▸ **Problem description**: Please write out every entry below exactly, leaving out any pictures.

▸ **Material for the task**:
# # # #
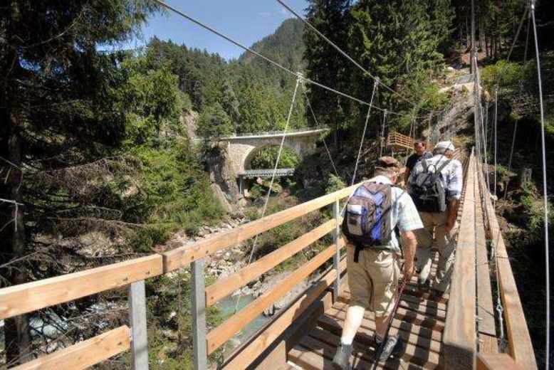 Die Mühen werden jedoch mit tollem Ausblick auf die Glarner Alpen und der spannenden Überquerung einer Hängebrücke belohnt.
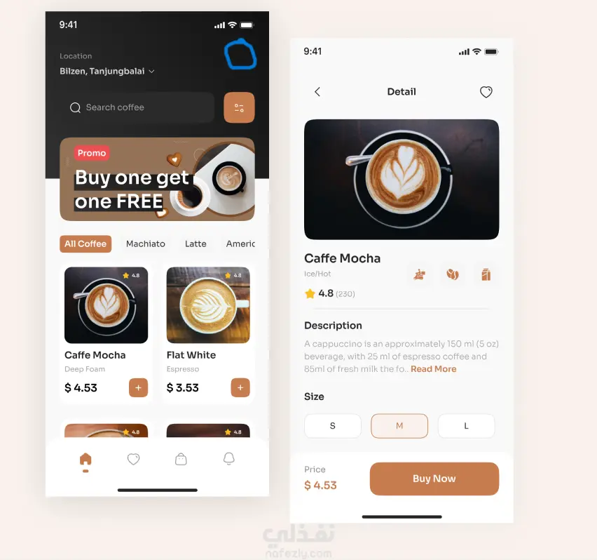 بما إنك تتحدث عن تطبيق Coffee Shop App (تطبيق مقهى للطلبات والعروض)، فإليك نموذج احترافي لقسم تفاصيل العمل يمكنك استخدامه في البورتفوليو أو عرض المشروع 👇
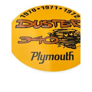 Celebrate the nostalgic charm of the Plymouth Duster 340 with this round heavy plastic sign, showcasing the iconic 1970-1972 design. Featuring vibrant yellow and bold black graphics, this piece captures automotive history.
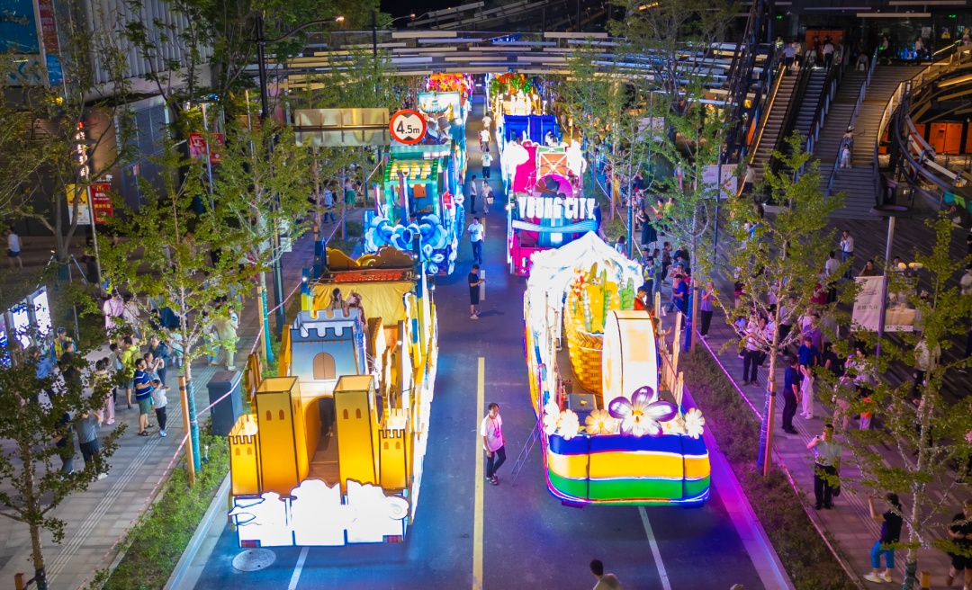 “从田林路走到这里,晚饭都没吃,就为了看这场花车巡游。”市民程阿姨的话道出了不少人的期待。当晚,花车不仅是视觉焦点,更与元界特色场景深度融合——《崩坏:星穹铁道》“长夜月”主题的梦幻水母痛街亮起,与花车灯光交相辉映;萌物咻咻的“次元光镜”魔法镜面装置实时捕捉花车影像,让市民在现实与虚拟的互动中感受独特魅力。
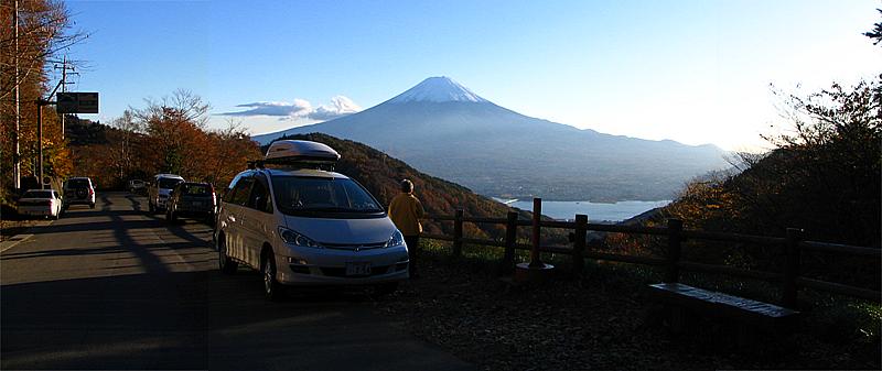 午後3時45分 最後は天下茶屋の建つ御坂峠へと上ってみた。 書くまでもなく、太宰治が天下茶屋へ逗留中「富士山には月見草がよく似合う」と詠んだ場所だ。 山梨では非常に有名な峠だけに、一息ついていた僅か30分ほどの間に何十台という車輌が上ってきては写真を撮っていた。 |
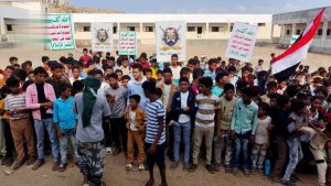 نظم القطاع التربوي بمديرية الصليف في محافظة الحديدة، اليوم، وقفة طلابية لمدارس المديرية تضامناً مع الشعب الفلسطيني في قطاع غزة، وتنديداً بجرائم العدو الصهيوني الأمريكي والحصار والتجويع الممنهج بحق أبناء القطاع.
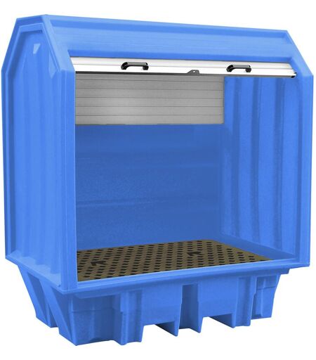 Dépôt pour produits dangereux en PE avec rideau, pour 2 fûts de 200 l, capacité de rétention 230 l. Produit livré = monté. Hauteur = 1690 mm. Largeur = 1490 mm. Profondeur = 990 mm. Capacité fûts = 2x200 l. Capacité cubitainers de 1000 l = 0 pces. Capacité de rétention = 230 l. Coloris = bleu. Label = homologation générale de surveillance de construction (DiBt). Matériau = polyéthylène. Verrouillage = dispositif pour cadenas. Hauteur intérieure = 1250 mm. Largeur intérieure = 1300 mm. Profondeur intérieure = 800 mm. Type de porte = rideau horizontal. Hauteur du sol = 90 mm. Lieu d'utilisation = pour l'intérieur et l'extérieur. Pour produits = produits dangereux pour la nappe phréatique, produits corrosifs. Classes de produits dangereux = pour liquides dangereux pour la nappe phréatique et corrosifs. Poids = 85 kg. Charge max. = 600 kg. Type de produit = dépôts pour produits dangereux. Pour le stockage intérieur et extérieur conforme aux prescriptions de liquides corrosifs, produits ...
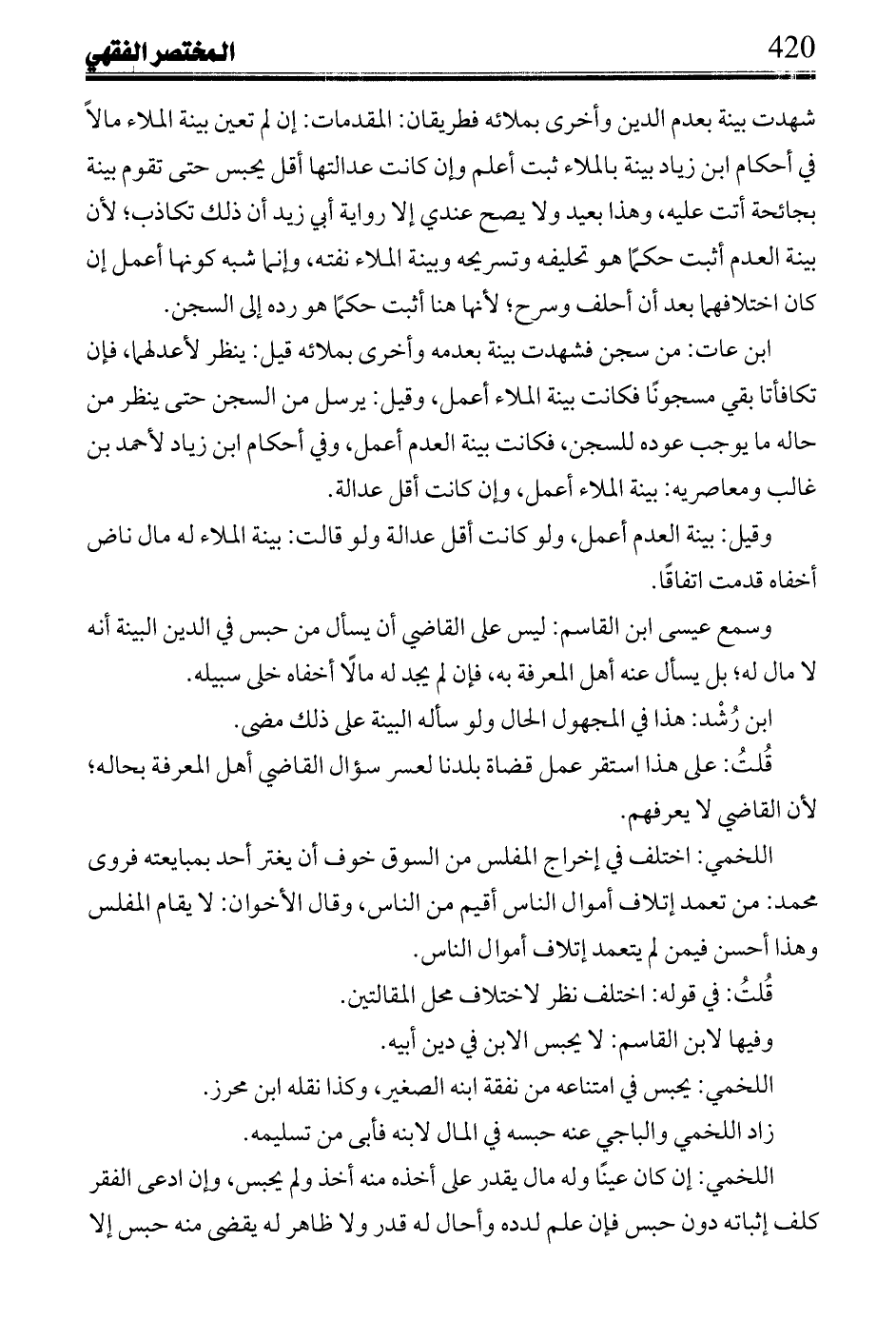 ابن عات: من سجن فشهدت بينة الملاء أعمل، وقيل: يرسل من السجن حتى ينظر من حاله ما يوجب عوده للسجن، فكانت بينة العدم أعمل، وفي أحكام ابن زياد لأحمد بن غالب ومعاصريه: بينة الملاء أعمل، وإن كانت أقل عدالة.
# # # #
▸ **Answer to this task**:
 Die Mühen werden jedoch mit tollem Ausblick auf die Glarner Alpen und der spannenden Überquerung einer Hängebrücke belohnt.
 بما إنك تتحدث عن تطبيق Coffee Shop App (تطبيق مقهى للطلبات والعروض)، فإليك نموذج احترافي لقسم تفاصيل العمل يمكنك استخدامه في البورتفوليو أو عرض المشروع 👇
 Celebrate the nostalgic charm of the Plymouth Duster 340 with this round heavy plastic sign, showcasing the iconic 1970-1972 design. Featuring vibrant yellow and bold black graphics, this piece captures automotive history.
 “从田林路走到这里,晚饭都没吃,就为了看这场花车巡游。”市民程阿姨的话道出了不少人的期待。当晚,花车不仅是视觉焦点,更与元界特色场景深度融合——《崩坏:星穹铁道》“长夜月”主题的梦幻水母痛街亮起,与花车灯光交相辉映;萌物咻咻的“次元光镜”魔法镜面装置实时捕捉花车影像,让市民在现实与虚拟的互动中感受独特魅力。
 午後3時45分 最後は天下茶屋の建つ御坂峠へと上ってみた。 書くまでもなく、太宰治が天下茶屋へ逗留中「富士山には月見草がよく似合う」と詠んだ場所だ。 山梨では非常に有名な峠だけに、一息ついていた僅か30分ほどの間に何十台という車輌が上ってきては写真を撮っていた。 |
 نظم القطاع التربوي بمديرية الصليف في محافظة الحديدة، اليوم، وقفة طلابية لمدارس المديرية تضامناً مع الشعب الفلسطيني في قطاع غزة، وتنديداً بجرائم العدو الصهيوني الأمريكي والحصار والتجويع الممنهج بحق أبناء القطاع.
 Dépôt pour produits dangereux en PE avec rideau, pour 2 fûts de 200 l, capacité de rétention 230 l. Produit livré = monté. Hauteur = 1690 mm. Largeur = 1490 mm. Profondeur = 990 mm. Capacité fûts = 2x200 l. Capacité cubitainers de 1000 l = 0 pces. Capacité de rétention = 230 l. Coloris = bleu. Label = homologation générale de surveillance de construction (DiBt). Matériau = polyéthylène. Verrouillage = dispositif pour cadenas. Hauteur intérieure = 1250 mm. Largeur intérieure = 1300 mm. Profondeur intérieure = 800 mm. Type de porte = rideau horizontal. Hauteur du sol = 90 mm. Lieu d'utilisation = pour l'intérieur et l'extérieur. Pour produits = produits dangereux pour la nappe phréatique, produits corrosifs. Classes de produits dangereux = pour liquides dangereux pour la nappe phréatique et corrosifs. Poids = 85 kg. Charge max. = 600 kg. Type de produit = dépôts pour produits dangereux. Pour le stockage intérieur et extérieur conforme aux prescriptions de liquides corrosifs, produits ...
 ابن عات: من سجن فشهدت بينة الملاء أعمل، وقيل: يرسل من السجن حتى ينظر من حاله ما يوجب عوده للسجن، فكانت بينة العدم أعمل، وفي أحكام ابن زياد لأحمد بن غالب ومعاصريه: بينة الملاء أعمل، وإن كانت أقل عدالة.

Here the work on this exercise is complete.